Hi, I've done some benchmarking in the last few days.

On 2022/5/17 00:44, Michal Hocko wrote:
> Sorry, I have only now found this email thread. The limitation of the
> NUMA constrained oom is well known and long standing. Basically the
> whole thing is a best effort as we are lacking per numa node memory
> stats. I can see that you are trying to fill up that gap but this is
> not really free. Have you measured the runtime overhead? Accounting is
> done in a very performance sensitive paths and it would be rather
> unfortunate to make everybody pay the overhead while binding to a
> specific node or sets of nodes is not the most common usecase.

## CPU consumption

According to the result of Unixbench. There is less than one percent 
performance loss in most cases.

On 40c512g machine.

40 parallel copies of tests:
+----------+----------+-----+----------+---------+---------+---------+
| numastat | FileCopy | ... |   Pipe   |  Fork   | syscall |  total  |
+----------+----------+-----+----------+---------+---------+---------+
| off      | 2920.24  | ... | 35926.58 | 6980.14 | 2617.18 | 8484.52 |
| on       | 2919.15  | ... | 36066.07 | 6835.01 | 2724.82 | 8461.24 |
| overhead | 0.04%    | ... | -0.39%   | 2.12%   | -3.95%  | 0.28%   |
+----------+----------+-----+----------+---------+---------+---------+

1 parallel copy of tests:
+----------+----------+-----+---------+--------+---------+---------+
| numastat | FileCopy | ... |  Pipe   |  Fork  | syscall |  total  |
+----------+----------+-----+---------+--------+---------+---------+
| off      | 1515.37  | ... | 1473.97 | 546.88 | 1152.37 | 1671.2  |
| on       | 1508.09  | ... | 1473.75 | 532.61 | 1148.83 | 1662.72 |
| overhead | 0.48%    | ... | 0.01%   | 2.68%  | 0.31%   | 0.51%   |
+----------+----------+-----+---------+--------+---------+---------+

## MEM consumption

per task_struct:
sizeof(int) * num_possible_nodes() + sizeof(int*)
typically 4 * 2 + 8 bytes

per mm_struct:
sizeof(atomic_long_t) * num_possible_nodes() + sizeof(atomic_long_t*)
typically 8 * 2 + 8 bytes

zap_pte_range:
sizeof(int) * num_possible_nodes() + sizeof(int*)
typically 4 * 2 + 8 bytes

> Also have you tried to have a look at cpusets? Those should be easier to
> make a proper selection as it should be possible to iterate over tasks
> belonging to a specific cpuset much more easier - essentialy something
> similar to memcg oom killer. We do not do that right now and by a very
> brief look at the CONSTRAINT_CPUSET it seems that this code is not
> really doing much these days. Maybe that would be a more appropriate way
> to deal with more precise node aware oom killing?
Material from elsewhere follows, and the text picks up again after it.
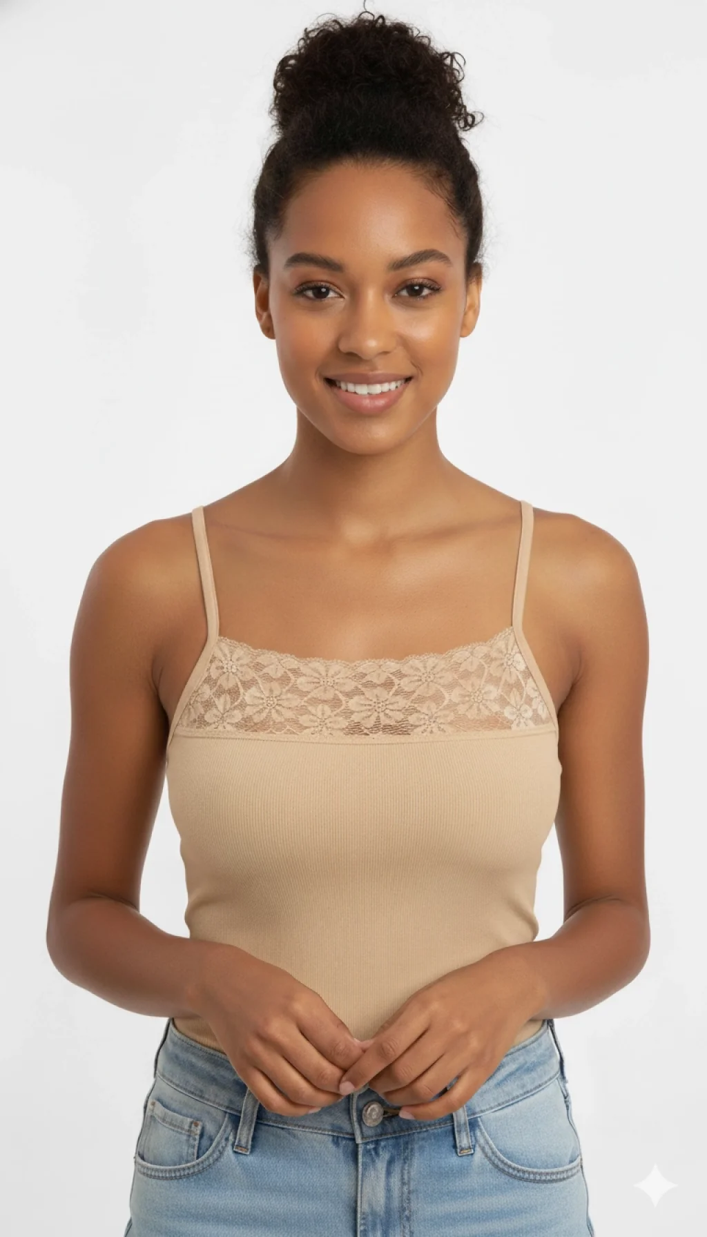 Women's Lace Embellished Half Sleeve Tank Top B636
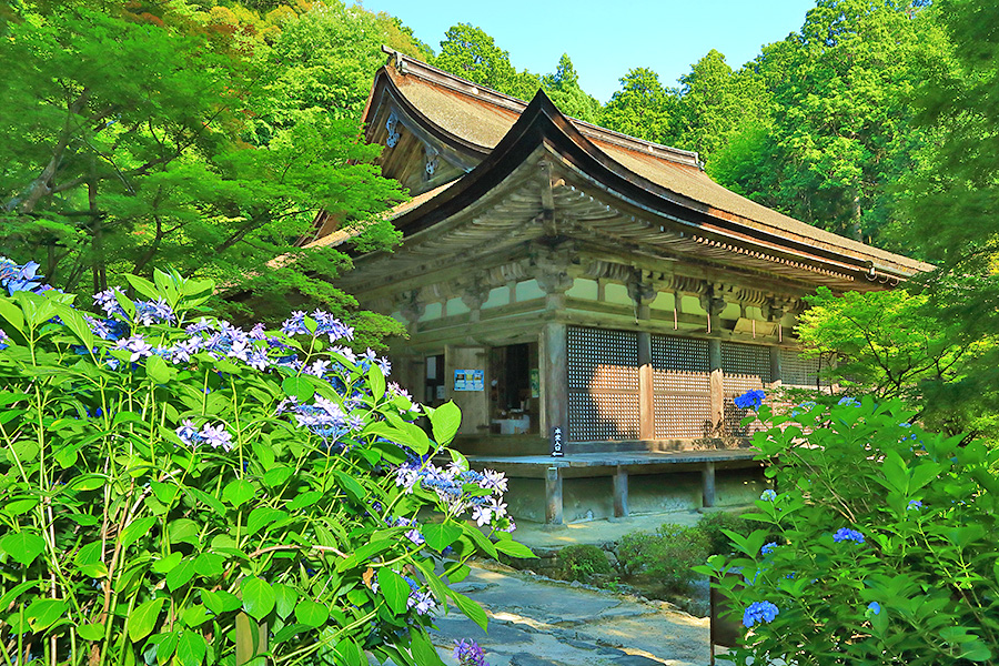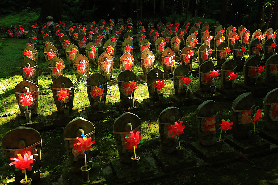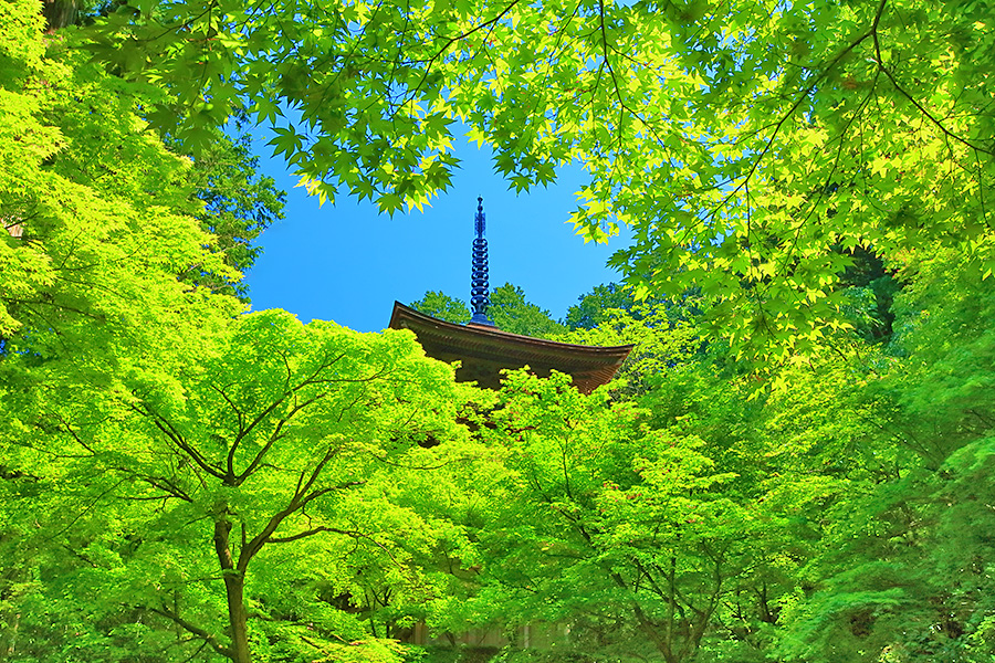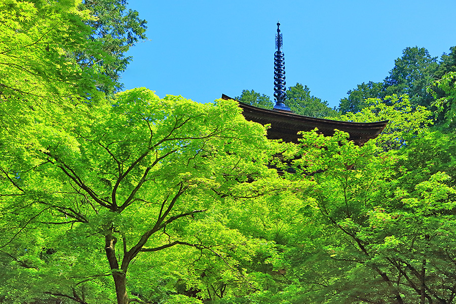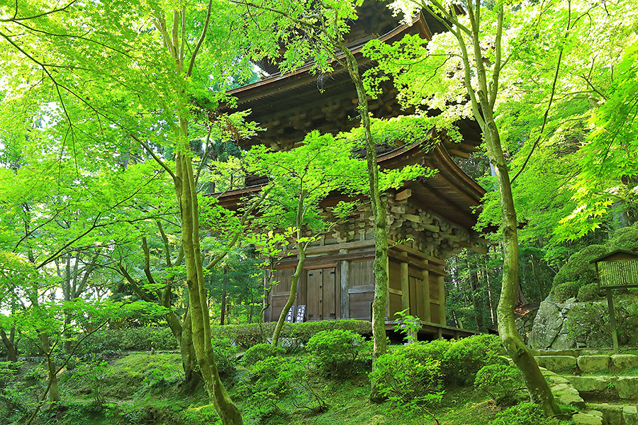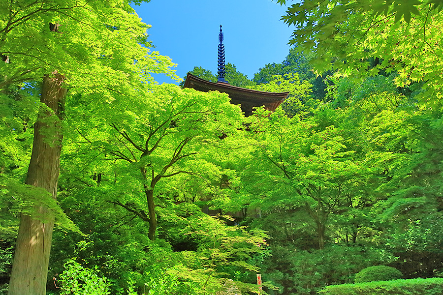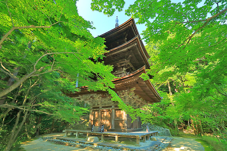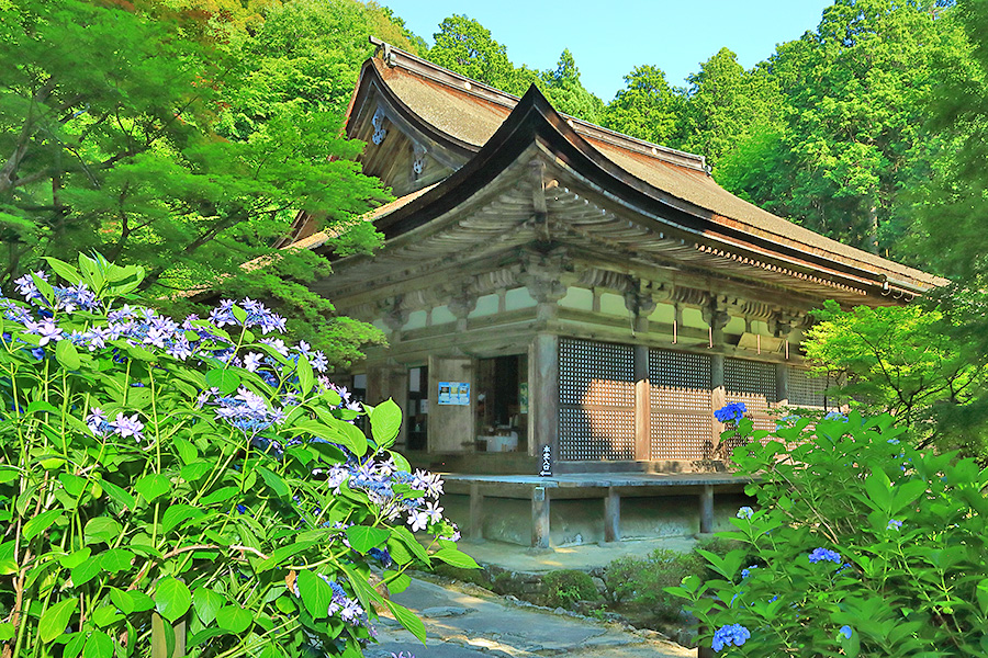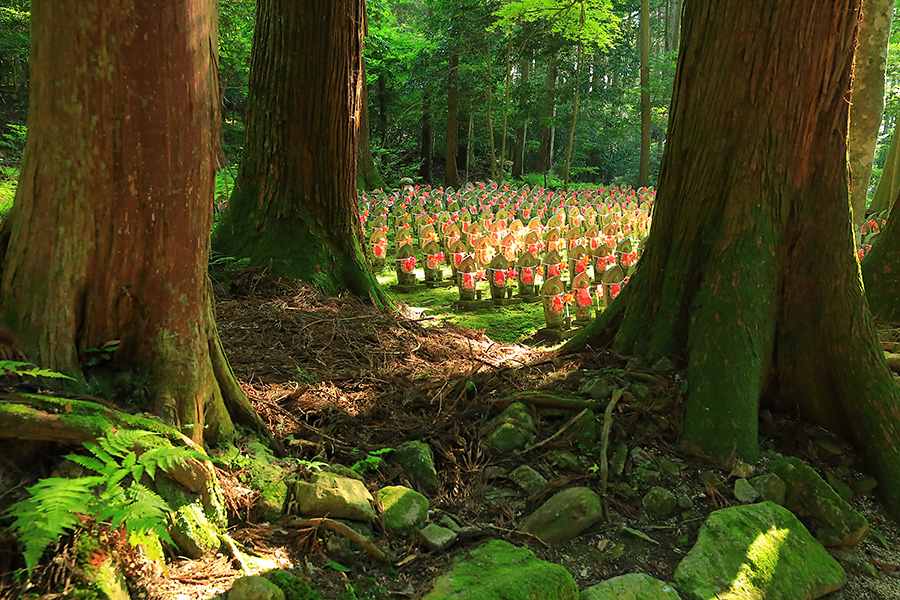 とにかく広々した境内を誇り、その全域が豊かな自然に恵まれており瑞々しい景観を見せてくれる。特に本堂のそばにある三重塔周辺に青もみじが多い。初夏には鮮やかな紫陽花が境内を彩る。本堂へと続く参道には、千体地蔵と呼ばれるたくさんのお地蔵さんが並んでいる。境内をゆっくり見て回ると1時間くらいはかかるだろう。 |

Looks like both CONSTRAINT_MEMORY_POLICY and CONSTRAINT_CPUSET can
be uesd to deal with node aware oom killing.

I think we can calculate badness in this way:
    If constraint=CONSTRAINT_MEMORY_POLICY, get badness by `nodemask`.
    If constraint=CONSTRAINT_CPUSET, get badness by `mems_allowed`.

example code:
```
long oom_badness(struct task_struct *p, struct oom_control *oc)
	long points;

	...

	if (unlikely(oc->constraint == CONSTRAINT_MEMORY_POLICY)) {
		for_each_node_mask(nid, oc->nodemask)
			points += get_mm_counter(p->mm, -1, nid)
	} else if (unlikely(oc->constraint == CONSTRAINT_CPUSET)) {
		for_each_node_mask(nid, cpuset_current_mems_allowed)
			points += get_mm_counter(p->mm, -1, nid)
	} else {
		points = get_mm_rss(p->mm);
	}
	points += get_mm_counter(p->mm, MM_SWAPENTS, NUMA_NO_NODE) \
		+ mm_pgtables_bytes(p->mm) / PAGE_SIZE;

	...

}
```

> 
> [...]
>>   21 files changed, 317 insertions(+), 111 deletions(-)
> 
> The code footprint is not free either. And more importantnly does this
> even work much more reliably? I can see quite some NUMA_NO_NODE
> accounting (e.g. copy_pte_range!).Is this somehow fixable?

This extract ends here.